We saw in the last exercise that 12 estimators yielded the highest accuracy, so we will use that to create our model. This time setting the parameter oob_score
to true to evaluate the model with out-of-bag score.
Create a model with out-of-bag metric.
from sklearn import datasets
from sklearn.model_selection import train_test_split
from sklearn.ensemble import BaggingClassifier
data = datasets.load_wine(as_frame = True)
X = data.data
y = data.target
X_train, X_test, y_train, y_test = train_test_split(X, y, test_size = 0.25, random_state = 22)
oob_model = BaggingClassifier(n_estimators = 12, oob_score = True,random_state = 22)
oob_model.fit(X_train, y_train)
print(oob_model.oob_score_)
Run example »
Since the samples used in OOB and the test set are different, and the dataset is relatively small, there is a difference in the accuracy. It is rare that they would be exactly the same, again OOB should be used quick means for estimating error, but is not the only evaluation metric.

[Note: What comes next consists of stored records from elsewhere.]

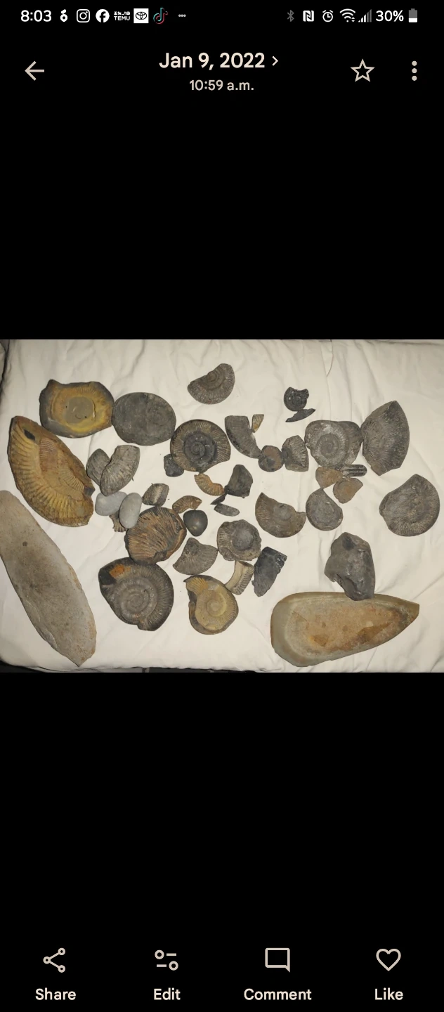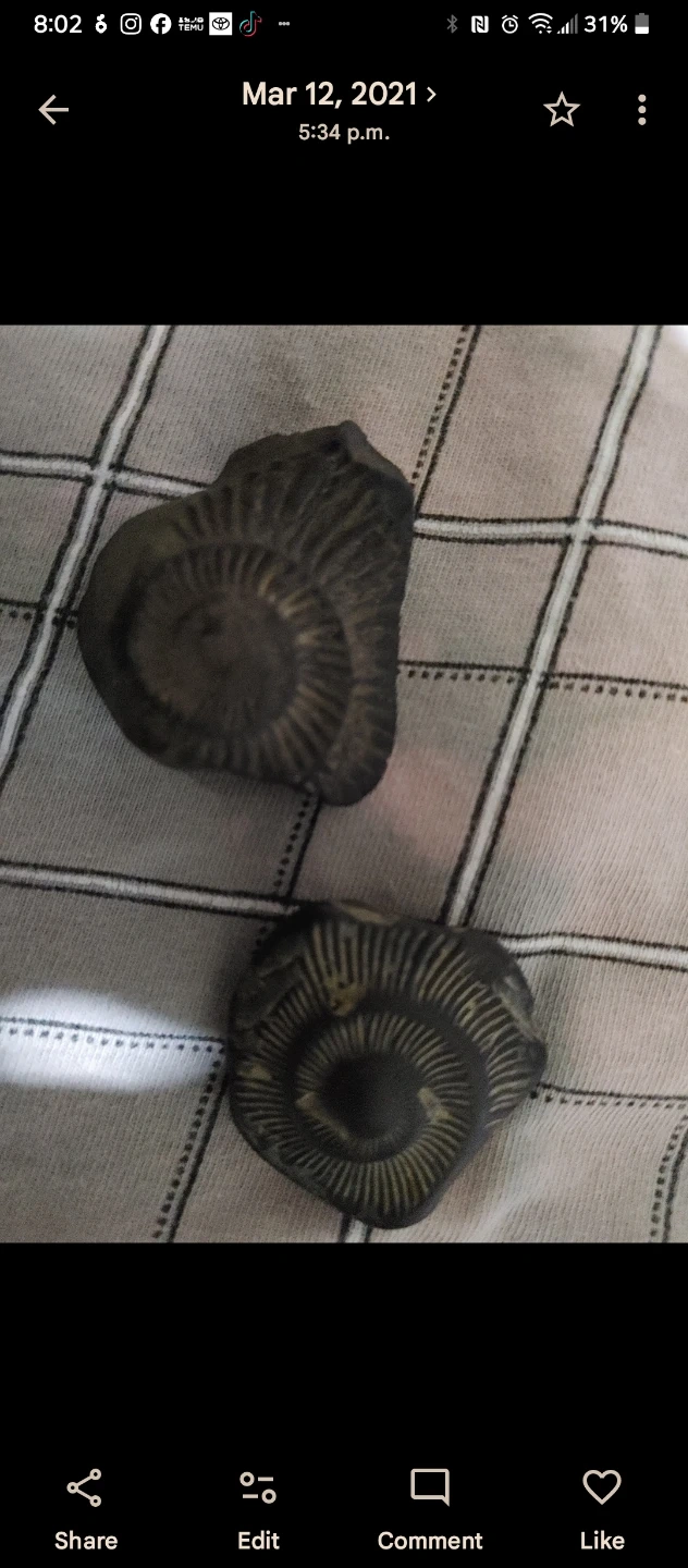 Several ammonite fossils. These are ancient marine invertebrate fossils. They're spiral-shaped and showcase detailed natural patterns. Great for collectors or educational displays! Let me know I have small, medium and large.
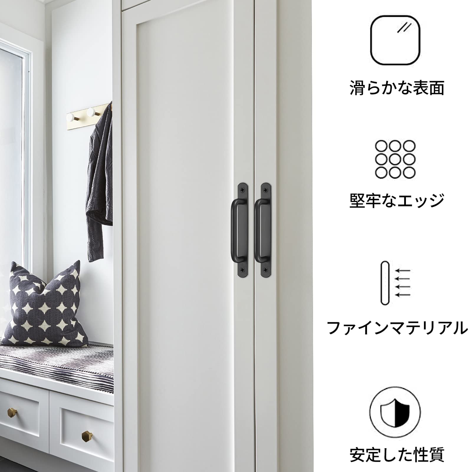 優れた素材:引き戸の取っ手は高品質のステンレス素材を採用し、黒色塗装処理で耐腐食性があり、壊れたり色あせたりしにくく、頑丈で耐久性があります。
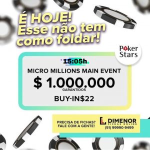É HOJE!!! Esse não tem como foldar!!! MICRO MILLIONS MAIN EVENT – $1.000.000,00 de dólares garantidos, por apenas $22!
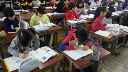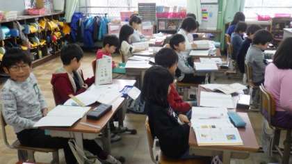 長さの練習問題に取り組み,自分で丸つけをしています。
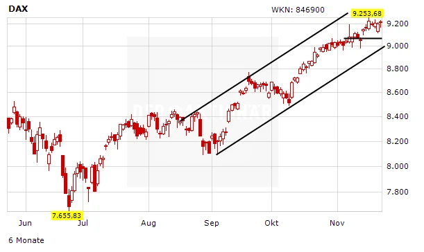 Nachdem der DAX seine anfänglichen Gewinne zunächst abgeben musste, konnte sich der deutsche Leitindex am Nachmittag wieder in die Gewinnzone zurückretten. Gegen 14.30 Uhr notiert der DAX bei 9.218 Zählern und damit 0,2 Prozent im Plus. Etwas unter die Arme gegriffen haben dürfte ihm dabei das überraschend starke Ifo-Geschläftsklima. Dieses kletterte von 107,4 Punkten im Vormonat auf 109,3 Zähler im November. Volkswirte hatten lediglich einen leichten Anstieg auf 107,7 Punkte erwartet.
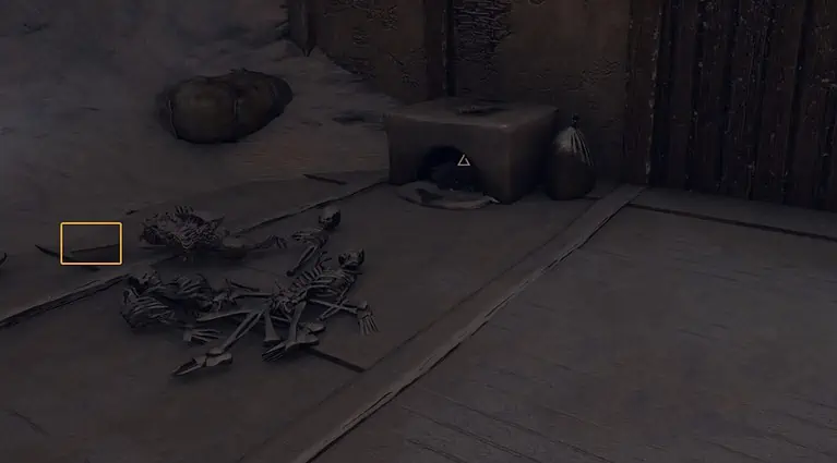 이 슬로프의 마지막 단계는 하단의 부서진 돌담에 도달하는 것입니다. 벽에 있는 구조물을 나가기 직전에 바닥에 있는 해골에서 에르빌의 일기를 집을 수 있습니다.
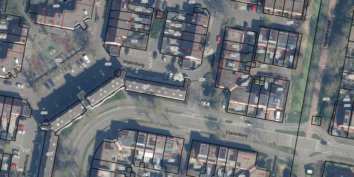 Het perceel waarop Walenburg 108 staat heeft een oppervlakte van 463 m². Dit is een groot perceel. De perceeloppervlakte wordt geregistreerd door het Kadaster. Gedetailleerde informatie over de maten van dit perceel kunt u vinden in het rapport Kadastrale kaart met maatvoering van Walenburg 108.
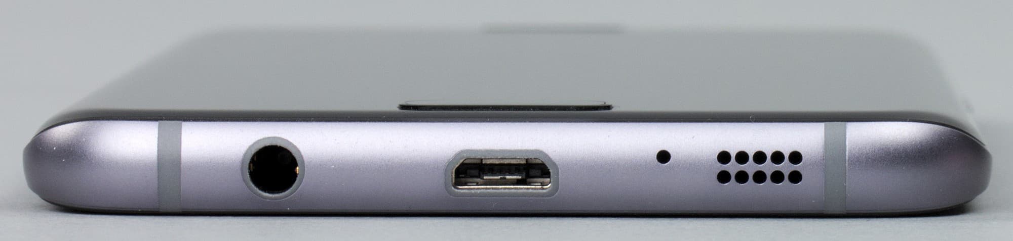 На нижней грани — динамик, разъем Micro-USB с поддержкой OTG (странно, что Samsung не переходит на USB Type C, в отличие от многих других производителей), разъем 3,5 мм для гарнитуры и отверстие встроенного микрофона. Любопытно, что расположение этого отверстия изменилось, то есть внутри, видимо, внутренняя компоновка компонентов претерпела существенные изменения. Что касается динамика, то его максимальная громкость вполне достаточная и для того, чтобы не пропустить звонок/будильник, и для просмотра фильмов или видеороликов, но для прослушивания музыки его, конечно, использовать не стоит по причине лишних призвуков и не очень приятного характера звучания в целом. Впрочем, было бы странно ожидать от устройства такого форм-фактора что-то иное.
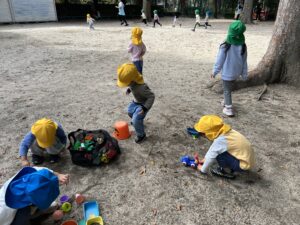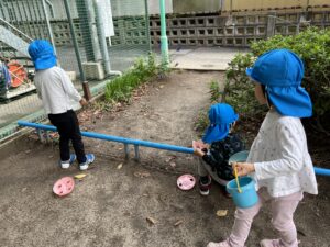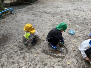 砂場セットを持っていったので、砂を入れたり、ダンゴムシを見つけてそっと容器に入れて観察したりと、夢中になって遊ぶ姿が見られました🐜✨
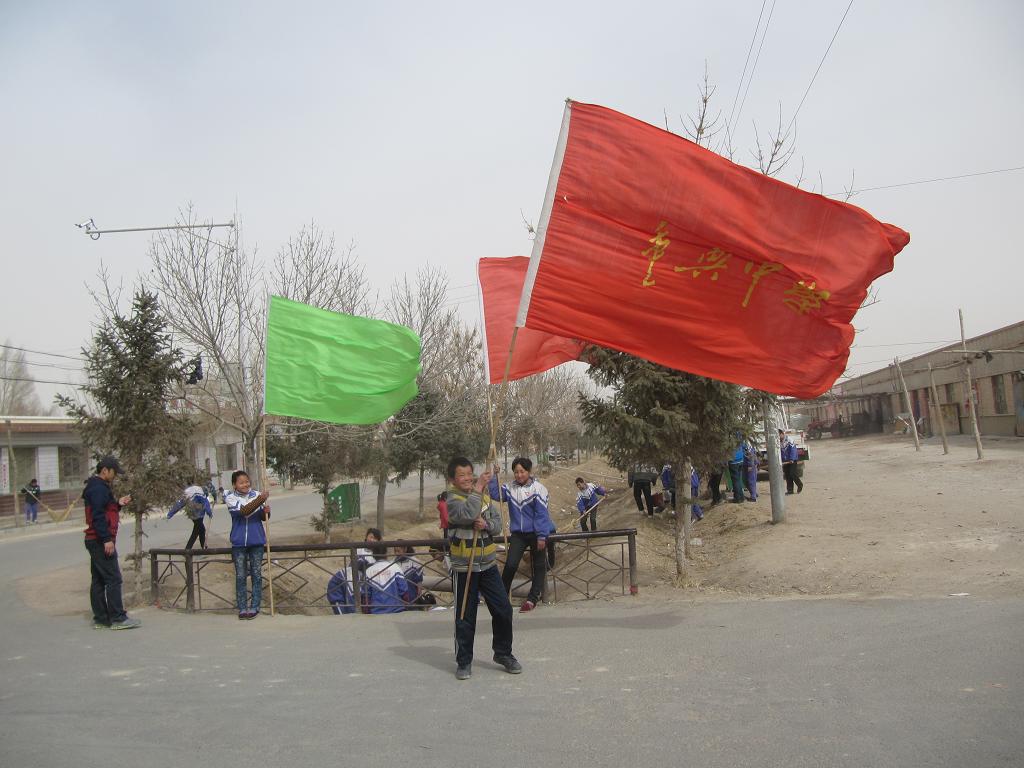 垃圾清理到了下午,忽然刮起了沙尘暴,尘土飞扬,天空中一片昏暗。所幸的是我们的清理工作已经进入了尾声,同学们都鼓足干劲,不一会儿,便完成了老师分配给我们的清理任务。同学们都满面尘色,在狂风中回到了学校。
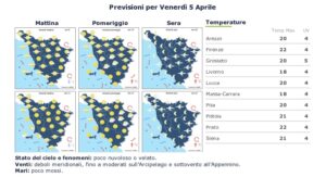 Già questo venerdì 5 aprile, cielo poco nuvoloso con venti dai quadranti meridionali e mari poco mossi.
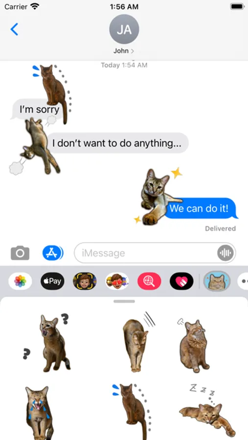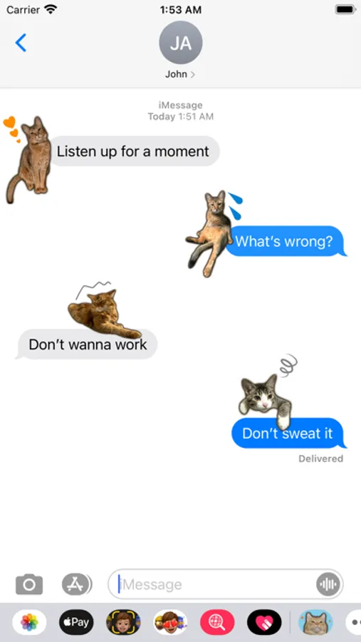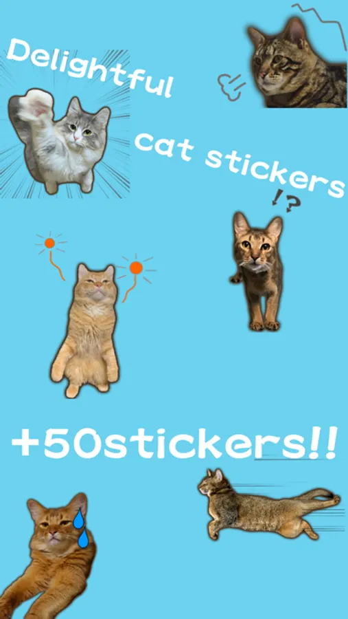 Express yourself by decorating your messages with 50 brilliant cat stickers, all in one pack.

As was seen in the Decision Tree lesson, it is possible to graph the decision tree the model created. It is also possible to see the individual decision trees that went into the aggregated classifier. This helps us to gain a more intuitive understanding on how the bagging model arrives at its predictions.
Note: This is only functional with smaller datasets, where the trees are relatively shallow and narrow making them easy to visualize.
We will need to import plot_tree
function from sklearn.tree
. The different trees can be graphed by changing the estimator you wish to visualize.
Generate Decision Trees from Bagging Classifier
from sklearn import datasets
from sklearn.model_selection import train_test_split
from sklearn.ensemble import BaggingClassifier
from sklearn.tree import plot_tree
X = data.data
y = data.target
X_train, X_test, y_train, y_test = train_test_split(X, y, test_size = 0.25, random_state = 22)
clf = BaggingClassifier(n_estimators = 12, oob_score = True,random_state = 22)
clf.fit(X_train, y_train)
plt.figure(figsize=(30, 20))
plot_tree(clf.estimators_[0], feature_names = X.columns)
Here we can see just the first decision tree that was used to vote on the final prediction. Again, by changing the index of the classifier you can see each of the trees that have been aggregated.